Imagine a wine that smells sweet but tastes dry. That paradoxical combination would make it seem simultaneously sumptuous and stimulating, rich but also refreshing. Now imagine its succulent aromas echoing rose petals, orange blossoms and honey, and then its flavors turning taut, marked by a citrus tang and an invigorating crispness. Such a wine, delicious anytime, would almost demand to be enjoyed in spring. Its personality would echo the season’s–warm and cool, sweet and dry, all at once.
You can stop imagining. This wine, one of the world’s least appreciated truly great white wines, actually exists. Rare but not obscure, it is dry Muscat from Alsace in northeastern France. If you don’t know it, now is a great time to get acquainted.
“You have to love it,” says Francis Burn, who produces some of the very best at Domaine Ernst Burn. He is talking about both the wine and the effort required to make it. “You can’t make good Muscat if you don’t love it.”
Muscat has long been cultivated widely along the Mediterranean rim. In fact, it may well be the oldest grape variety in cultivation. Some scientists think that it was grown by the ancient Greeks and Romans, and that it may even be a descendent of the original wine grape, first cultivated in Georgia or Armenia nearly 10,000 years ago. Today, Muscat can be found throughout the Mediterranean world, as well as in those parts of North and South America, Africa and Australia that enjoy a Mediterranean climate.
Alsace, however, is a northern wine-growing region, more akin to Burgundy or Germany’s Rhinegau. In fact, its vineyards lie right across the Rhine from the Black Forest, just south of Luxembourg. With the Vosges mountains to the west, this is more ski than sunbathing country. What are Muscat grapes doing there?
“They’re certainly capricious,” admits Olivier Humbrecht, whose Zind-Humbrecht wines rank with the very finest. Francis Burn echoes that sentiment, noting that the variety requires tender care in both the vineyard and the winery. He notes, however, that two aspects of the local climate enable Muscat not just to survive but actually to thrive in Alsace. The first is summer heat. The broad Alsatian plain that extends from the mountains to the river is one of the warmest places in all of France come July and August. The other is the lack of summer rainfall. “Muscat does not like rain,” he explains. “It is very fragile.”

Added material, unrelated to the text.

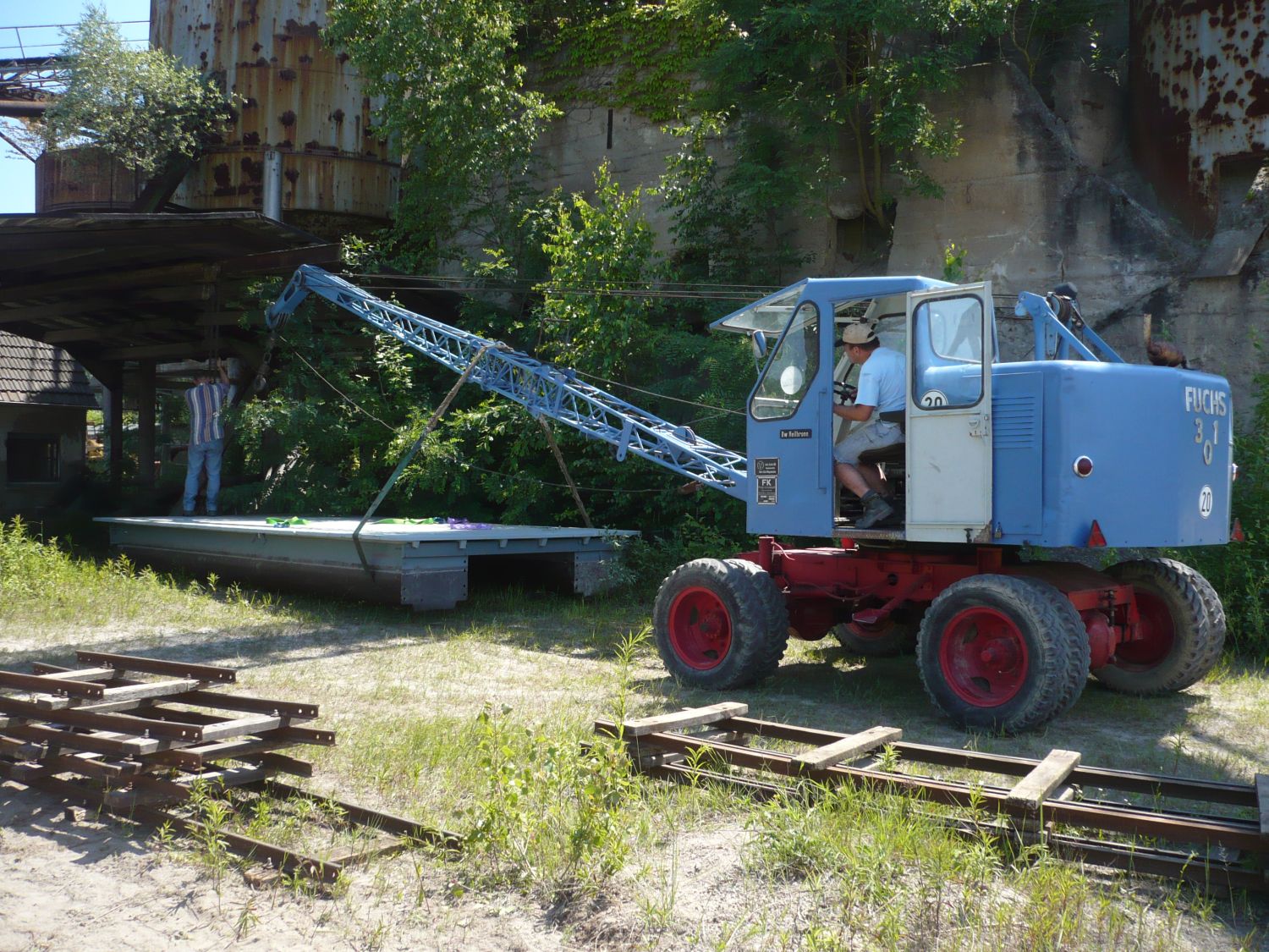 Stefan 241 Geschrieben 18. Juni 2009 Autor Geschrieben 18. Juni 2009 Hallo Schupp, am vergangenen Wochenende haben wir bereits Vorbereitungsmaßnahmen durchgeführt. Dazu wurden die Sandhügel wieder aufgeschüttet, die Feldbahn vorbereitet (ja, sie kommt wieder) und einen Ponton für betriebliche Zwecke des Kieswerks zu Wasser gelassen (auch das gibt es, offiziell ist das Kieswerk nicht stillgelegt, zur Zeit wird lediglich kein Kiesabbau betrieben). Nachfolgend ein paar Bilder: Der Ponton musste aus dem Unterstand, wo er hergestellt wurde, ausgefahren werden. Schwere Lasten sollte man über die starre Achse bewegen - sonst hebt der Fuchs das Bein Umgedreht und vollgetankt geht das Ganze Mit so einer Last wird selbst das Kieswerk zu schwierigem Geländer. Bei der Neigung ist die Gefahr, daß der Ausleger nach hinten überschlägt groß. Also geht's in Zeitlupe vorwärts. Die Bauüberwachung ist kritisch Kurz vorm zu Wasser lassen Geschafft - nun kann der Ponton verwendet werden. Für alle möglichen Arten von Untersuchungen... (Wasserproben, Wassertiefen usw.) Die Bauüberwachung ist zufrieden Der Hund hat doch glatt die Raupe stillgelegt. Zum Feierabendbier gibt's Gulaschsuppe Zur Frage der Maschinen: Viele Teilnehmer sind Stammgäste und halten deshalb eine Anmeldung nicht mehr für notwendig. Das macht es uns schwer, die Sache zu planen. Von Seiten des Vereins und seiner Mitglieder sollen die folgenden Maschinen kommen: - Fuchs 301 mit Gittermast und Greifer- Fuchs 500 mit Gittermast und Greifer- Dolberg 200 mit Tieflöffel- Dolberg 451 mit Tieflöffel- Menck M40 mit Gittermast und Greifer- Menck M60 mit Gittermast und Greifer- Gross UB 475 mit Gittermast und Greifer- Hanomag K8- Hanomag B8außerdem die Feldbahn und natürlich viele, viele Lkw. Nun noch ein Hinweis in eigener Sache: Das Kieswerk ist Privatgelände und wird scharf überwacht! Fotofuzzies, welche jetzt schon Bilder machen wollen begehen Einbruch und Hausfriedensbruch! Um das gute Verhältnis zum Kieswerksbesitzer und damit den Fortbestand der historischen Baustelle zu wahren werden wir jedes unberechtigte Eindringen verfolgen! Zitieren

So even though winters prove sometimes severe, and spring can be cold and damp, conditions during much of the growing season link Alsace with regions much farther south. “We live,” Olivier Humbrecht says with a smile, “in a big garden.”

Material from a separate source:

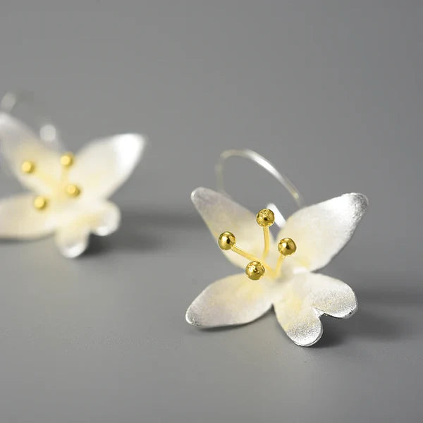 Diese großen Blumenohrringe verleihen Ihrem Outfit eine einzigartige Note und machen Sie zum Mittelpunkt der Aufmerksamkeit. Sie sind aus Sterlingsilber gefertigt und verleihen Eleganz und Charme, sodass Sie einen bleibenden Eindruck hinterlassen.

While some people speculate that the Romans brought Muscat to Alsace, the first recorded mention of it dates from the 1400s (before anyone had heard of Riesling and other now popular grapes). Since then, it seems never to have been planted all that widely, but almost always to have been valued highly.
In fact, Alsace today is home to two related but separate Muscats. The original, called “Petits Grains,” grows alongside one named “Ottonel,” a variety only brought to the region in the mid-nineteenth century. Each has its advocates, and many wines are made with a blend of the two. Both, however, are very sensitive. Fragile, especially during spring flowering, they are by all accounts the trickiest grapes to grow in Alsace.
They yield, however, some of the very finest wines. That evaluation was acknowledged tacitly by the authorities who in 1975 designated some of Alsace’s historically best vineyards as “grand crus.” In the process, they specified that only wines made from four grapes–Gewurztraminer, Muscat, Pinot Gris and Riesling–could sport that title on their labels. Muscat was by far the least planted amongst this prized quartet.
One might think that the esteem of “grand cru” status would have led to more planting, but just the opposite has happened over the past three decades. Muscat today takes up a smaller percentage of vineyard land (only a bit more than 2%) than ever before, and fewer wine drinkers know and so appreciate the wines.
The current situation is something of a proverbial vicious circle. Consumer demand goes down when fewer wines show up on store shelves, but vintners make fewer wines because consumers don’t ask for them. As one well-respected winemaker confessed to a few years ago, “I consider Muscat to be part of my heritage, but I will not plant more.”
Still, some Alsatian vintners remain committed to this most distinctive wine. “Yes, people don’t know it. Yes, they get confused by it. But Muscat has a great future,” argues Olivier Humbrecht. It is, he insists, “a difficult grape but a great wine.”
Most wines made from Muscat grown elsewhere taste sumptuously sweet. Some even are fortified with spirit so as to retain sugar. The Alsatians are thus an anomaly. Their seductive bouquet may lead you to suspect something syrupy, but they instead will surprise you with their compelling, complex dry charms. Try a bottle when the last snow melts and the daffodils begin to bloom. You’ll be amazed.